ElixirDatasets.Utils.Loader (ElixirDatasets v0.1.0)

View Source

Utility functions for loading datasets from various file formats.

Supports loading from CSV, Parquet, and JSONL files. Each format is handled by its corresponding loader function that returns a dataframe or decoded data.

Summary

Functions

Loads datasets from multiple file paths with optional parallel processing.

Functions

load_datasets_from_paths(paths_with_extensions, num_proc \\ 1)

@spec load_datasets_from_paths([{Path.t(), String.t()}], pos_integer()) ::
  {:ok, [Explorer.DataFrame.t()]} | {:error, Exception.t()}

Loads datasets from multiple file paths with optional parallel processing.

Automatically detects the file format based on the extension and loads each file accordingly.

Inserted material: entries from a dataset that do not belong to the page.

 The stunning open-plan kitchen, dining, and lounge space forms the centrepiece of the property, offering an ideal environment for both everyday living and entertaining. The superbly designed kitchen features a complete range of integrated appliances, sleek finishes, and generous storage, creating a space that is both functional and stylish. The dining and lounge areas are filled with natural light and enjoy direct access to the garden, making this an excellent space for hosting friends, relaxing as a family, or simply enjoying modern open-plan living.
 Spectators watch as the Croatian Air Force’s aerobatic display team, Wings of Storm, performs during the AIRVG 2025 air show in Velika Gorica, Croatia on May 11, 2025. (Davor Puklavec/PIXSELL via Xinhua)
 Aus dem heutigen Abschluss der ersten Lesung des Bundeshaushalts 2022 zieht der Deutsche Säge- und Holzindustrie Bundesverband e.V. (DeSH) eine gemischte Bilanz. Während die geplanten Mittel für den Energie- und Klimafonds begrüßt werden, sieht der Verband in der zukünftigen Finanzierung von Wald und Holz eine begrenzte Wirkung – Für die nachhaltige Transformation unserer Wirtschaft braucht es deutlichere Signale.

When num_proc is greater than 1, files are loaded in parallel using multiple processes, which can significantly speed up loading when dealing with multiple files.

Parameters

  • paths_with_extensions - list of {path, extension} tuples to load
  • num_proc - number of processes to use for parallel loading (default: 1). When set to 1, files are loaded sequentially. When greater than 1, files are loaded in parallel using Task.async_stream with the specified concurrency.

Returns

  • {:ok, [datasets]} - a list of loaded datasets in the same order as input
  • {:error, reason} - if any file fails to load

Examples

# Sequential loading
paths = [{"data1.csv", "csv"}, {"data2.parquet", "parquet"}]
{:ok, datasets} = load_datasets_from_paths(paths)

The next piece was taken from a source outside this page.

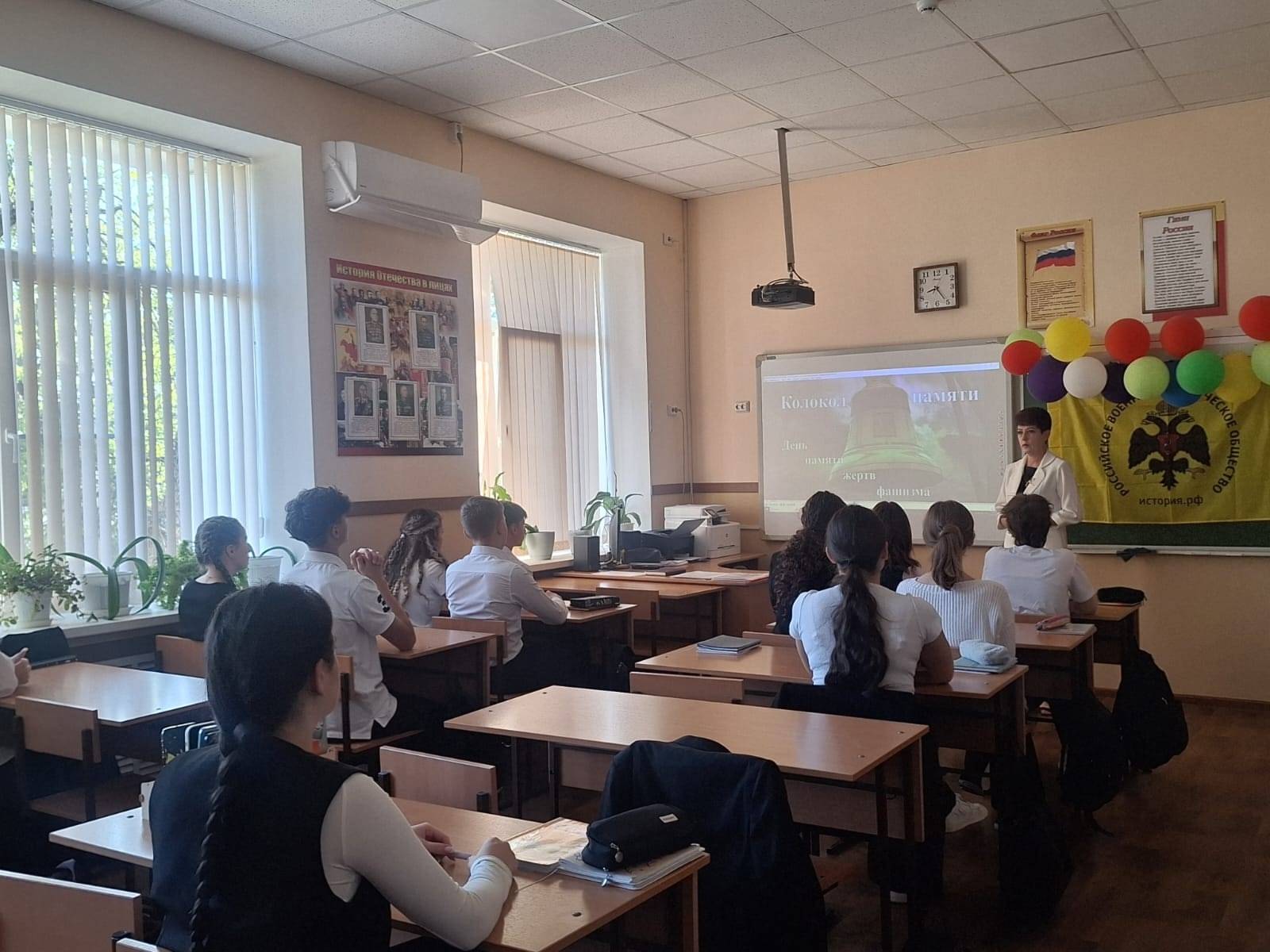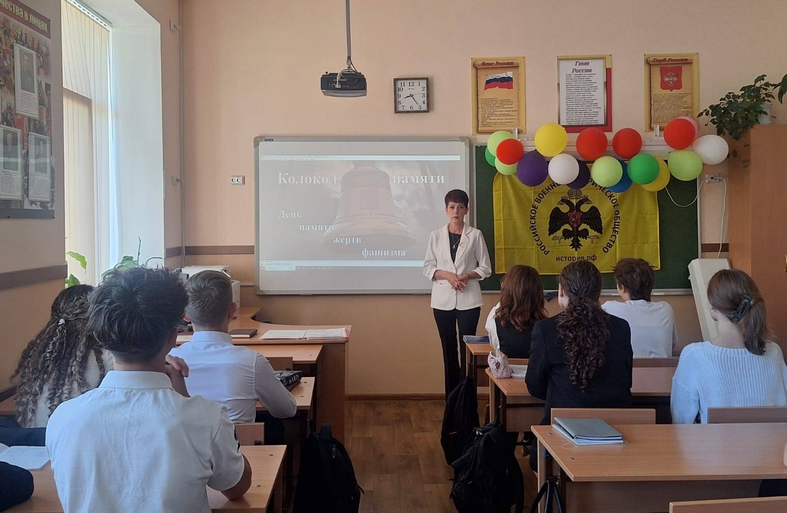 В МБОУ гимназии №2 г. Георгиевска учитель истории Алексина Е.Ю., председатель Местного отделения РО РВИО СК в Георгиевском муниципальном округе, провела для старшеклассников мероприятие «Колокол памяти». Его главной целью стало напоминание молодому поколению о страшной цене, которую заплатили народы мира за победу над фашизмом.

# Parallel loading with 4 processes
{:ok, datasets} = load_datasets_from_paths(paths, 4)

load_datasets_from_paths!(paths_with_extensions, num_proc \\ 1)

@spec load_datasets_from_paths!([{Path.t(), String.t()}], pos_integer()) :: [
  Explorer.DataFrame.t()
]

Similar to load_datasets_from_paths/2 but raises an error if loading fails.

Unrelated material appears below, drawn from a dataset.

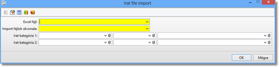 Funkció elérése menüszerkesztéskor: Iratkezelés / Irat fájl import
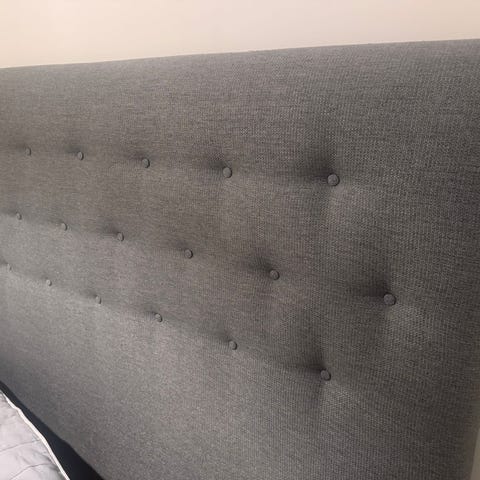 Mio sänggavel i beige textilklädsel. Gaveln har vadderad, rutquiltad framsida. Passar som huvudgavel bakom säng och kan användas i sovrum för att ge stöd och avgränsning mot vägg. 94x62 cm

Loads datasets from multiple file paths with optional parallel processing. Raises an exception if any file fails to load.

Parameters

  • paths_with_extensions - list of {path, extension} tuples to load
  • num_proc - number of processes to use for parallel loading (default: 1). When set to 1, files are loaded sequentially. When greater than 1, files are loaded in parallel.

Returns

  • a list of loaded datasets in the same order as input
  • raises an error if any file fails to load

Examples

# Sequential loading
iex> paths = [{"data1.csv", "csv"}, {"data2.parquet", "parquet"}]
iex> datasets = load_datasets_from_paths!(paths)

# Parallel loading with 4 processes
iex> datasets = load_datasets_from_paths!(paths, 4)